** LISTED ENTRIES **
● ● ●
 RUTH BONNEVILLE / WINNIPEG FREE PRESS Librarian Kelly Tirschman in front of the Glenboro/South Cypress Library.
● ● ●
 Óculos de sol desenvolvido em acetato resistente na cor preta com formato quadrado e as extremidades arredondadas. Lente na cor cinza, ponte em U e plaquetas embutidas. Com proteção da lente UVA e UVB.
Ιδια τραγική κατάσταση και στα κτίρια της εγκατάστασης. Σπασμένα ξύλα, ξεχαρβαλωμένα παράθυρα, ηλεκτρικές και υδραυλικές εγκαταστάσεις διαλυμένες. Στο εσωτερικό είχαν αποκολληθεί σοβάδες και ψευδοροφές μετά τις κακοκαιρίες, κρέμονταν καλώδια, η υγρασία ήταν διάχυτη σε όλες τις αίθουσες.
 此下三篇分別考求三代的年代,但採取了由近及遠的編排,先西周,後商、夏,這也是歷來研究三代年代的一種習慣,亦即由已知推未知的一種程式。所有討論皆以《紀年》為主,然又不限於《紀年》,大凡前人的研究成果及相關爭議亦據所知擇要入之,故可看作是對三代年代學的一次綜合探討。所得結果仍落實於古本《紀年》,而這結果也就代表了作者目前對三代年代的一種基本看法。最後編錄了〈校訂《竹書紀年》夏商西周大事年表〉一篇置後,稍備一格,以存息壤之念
● ● ●
** WHAT IS BEING ASKED **
Can you repeat, word for word, every line above from the one containing "Ιδια τραγική κατάσταση" down to the one containing "此下三篇分別考求三代的年代,但採取了由近", including both?

** RESULT OF THE TASK **
Ιδια τραγική κατάσταση και στα κτίρια της εγκατάστασης. Σπασμένα ξύλα, ξεχαρβαλωμένα παράθυρα, ηλεκτρικές και υδραυλικές εγκαταστάσεις διαλυμένες. Στο εσωτερικό είχαν αποκολληθεί σοβάδες και ψευδοροφές μετά τις κακοκαιρίες, κρέμονταν καλώδια, η υγρασία ήταν διάχυτη σε όλες τις αίθουσες.
 此下三篇分別考求三代的年代,但採取了由近及遠的編排,先西周,後商、夏,這也是歷來研究三代年代的一種習慣,亦即由已知推未知的一種程式。所有討論皆以《紀年》為主,然又不限於《紀年》,大凡前人的研究成果及相關爭議亦據所知擇要入之,故可看作是對三代年代學的一次綜合探討。所得結果仍落實於古本《紀年》,而這結果也就代表了作者目前對三代年代的一種基本看法。最後編錄了〈校訂《竹書紀年》夏商西周大事年表〉一篇置後,稍備一格,以存息壤之念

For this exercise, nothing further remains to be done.